■ **TASK DETAILS**:
For this exercise, copy exactly only the lines from the one containing "MBC의 경우 오는 16일" to the final line of the material below, without the pictures.

■ **INFORMATION PROVIDED**:

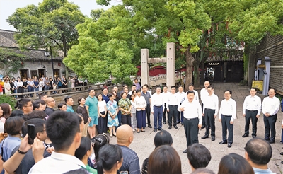 7月5日至7日,中共中央总书记、国家主席、中央军委主席习近平在江苏考察。这是6日上午,习近平在苏州平江历史文化街区,同当地居民和游客亲切交流。 |
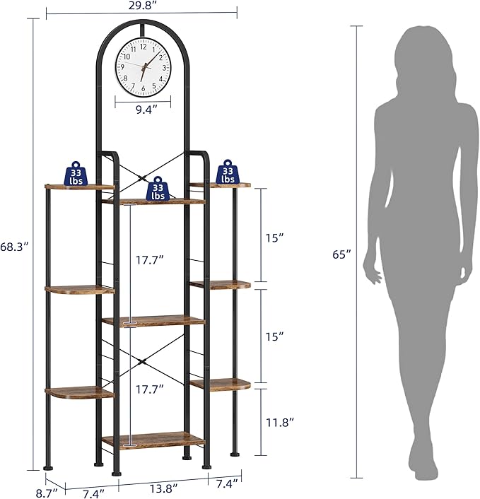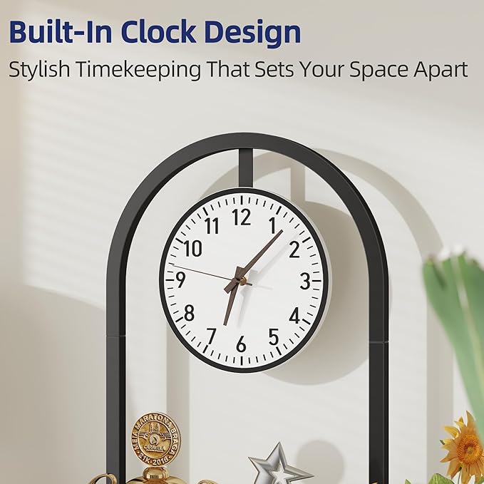 - 【Built-in Wall Clock for Timely Style】This isn’t just a bookshelf—it features a built-in clock at the top, keeping time stylishly while adding a conversation piece to your décor. Whether used as a bookcase, display shelf, or daily organizer, it combines practicality and visual appeal in one striking unit
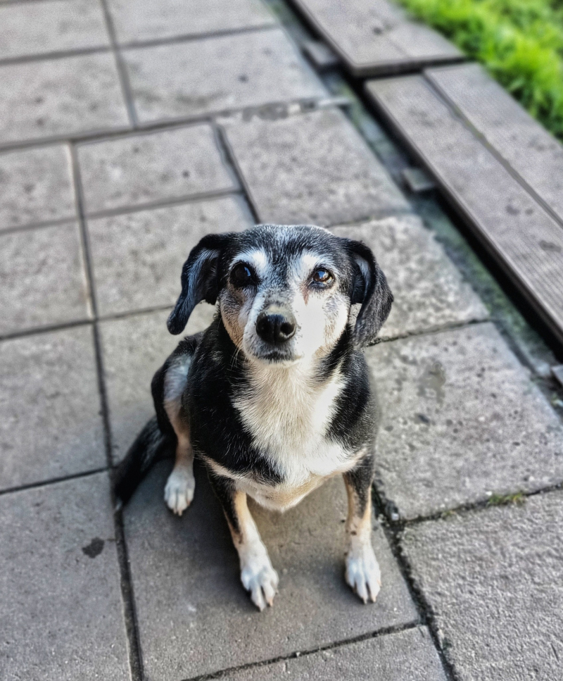 Kropka...Spokojna, delikatna dusza szuka swojego domu. Trafiła do schroniska wiele lat temu i niestety od tamtej pory nie udało się znaleźć dla niej domku.
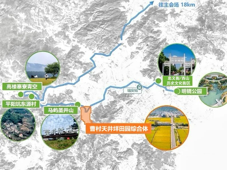 内环为天井垟绿道慢行环,串联核心景观;外环为乡村绿色生活范式圈,联动11个村落,展现宜居风貌。
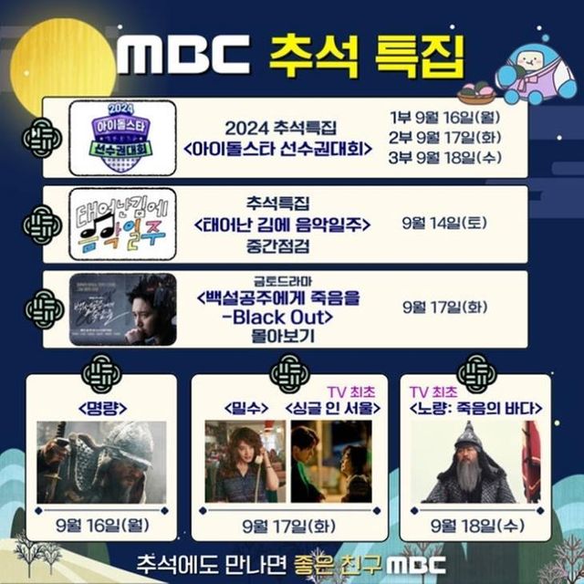 MBC의 경우 오는 16일 오후 10시에 '명량’, 오는 17일 오후 8시에는 ‘밀수’, 같은 날 오후 10시 20분 에는 ‘싱글 인 서울’이 방영될 예정이다. 마지막 연휴인 오는 18일 오후 8시에는 ‘노량: 죽음의 바다’ 가 방영될 예정이다.
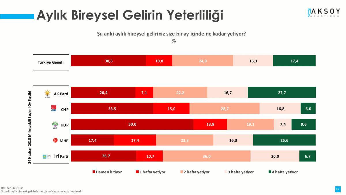 En önemli özelliklerinden biri kendi kendine yetebilmek olan orta gelir grubu bu özelliğini kaybetmiş durumda. Artık aylık kazancı 2 hafta içinde bitenlerin oranı yüzde 66,3. Genelde etrafına destek olan orta sınıflar artık yardım almaya muhtaç hale geldi. Aşağıdaki tablo bunun somut sonucu.
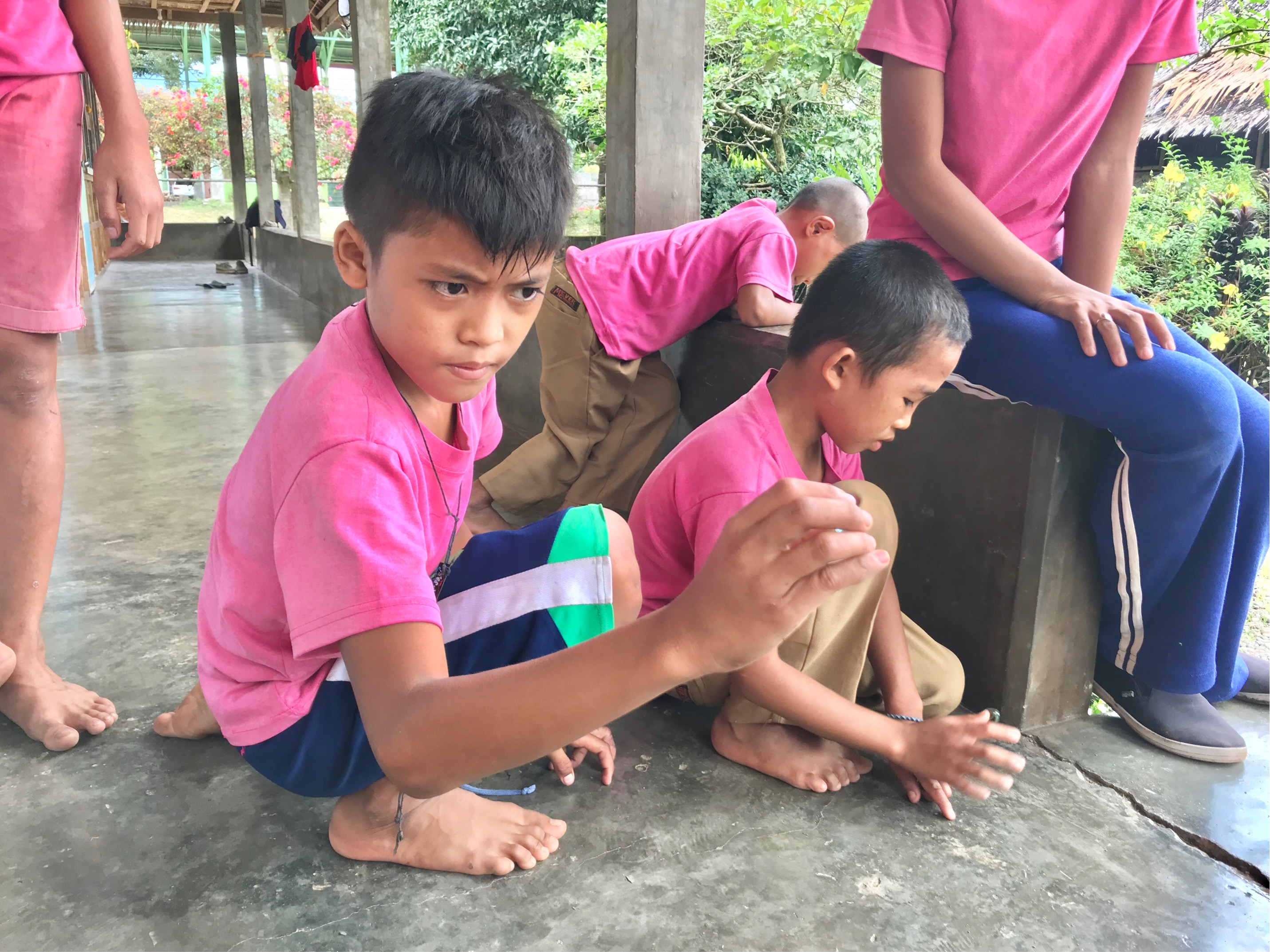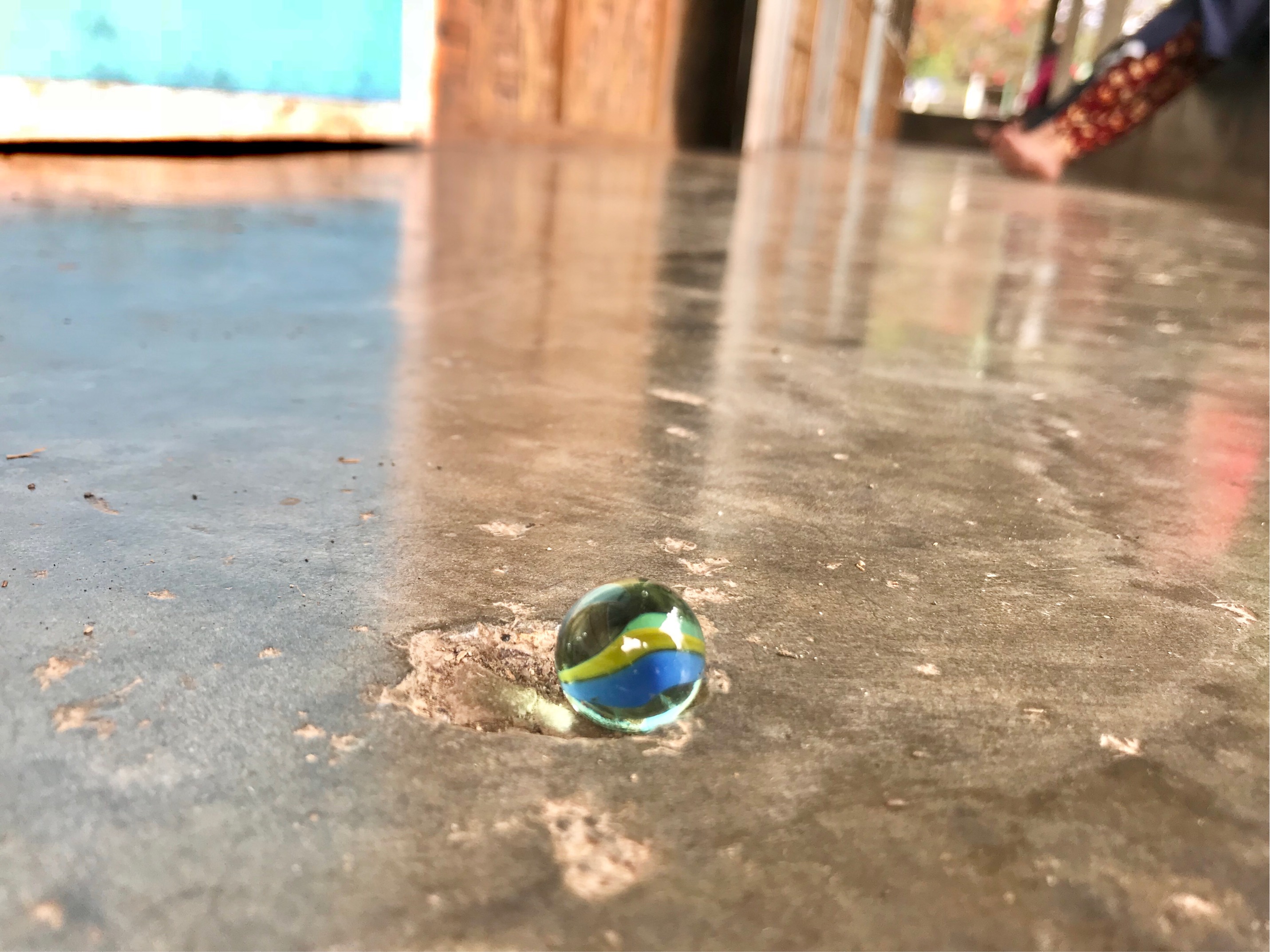 これ、欠けてしまった床の穴を利用して、ビー玉が転がらないようにセッティングし、それにビー玉を投げて当てて遊ぶ遊びです。より投げた回数が少なくて、当たった人の勝ちです。次々と遊びを開発していく子どもたち。遊びの天才だー!

■ **RESPONSE AREA**:
 MBC의 경우 오는 16일 오후 10시에 '명량’, 오는 17일 오후 8시에는 ‘밀수’, 같은 날 오후 10시 20분 에는 ‘싱글 인 서울’이 방영될 예정이다. 마지막 연휴인 오는 18일 오후 8시에는 ‘노량: 죽음의 바다’ 가 방영될 예정이다.
 En önemli özelliklerinden biri kendi kendine yetebilmek olan orta gelir grubu bu özelliğini kaybetmiş durumda. Artık aylık kazancı 2 hafta içinde bitenlerin oranı yüzde 66,3. Genelde etrafına destek olan orta sınıflar artık yardım almaya muhtaç hale geldi. Aşağıdaki tablo bunun somut sonucu.
 これ、欠けてしまった床の穴を利用して、ビー玉が転がらないようにセッティングし、それにビー玉を投げて当てて遊ぶ遊びです。より投げた回数が少なくて、当たった人の勝ちです。次々と遊びを開発していく子どもたち。遊びの天才だー!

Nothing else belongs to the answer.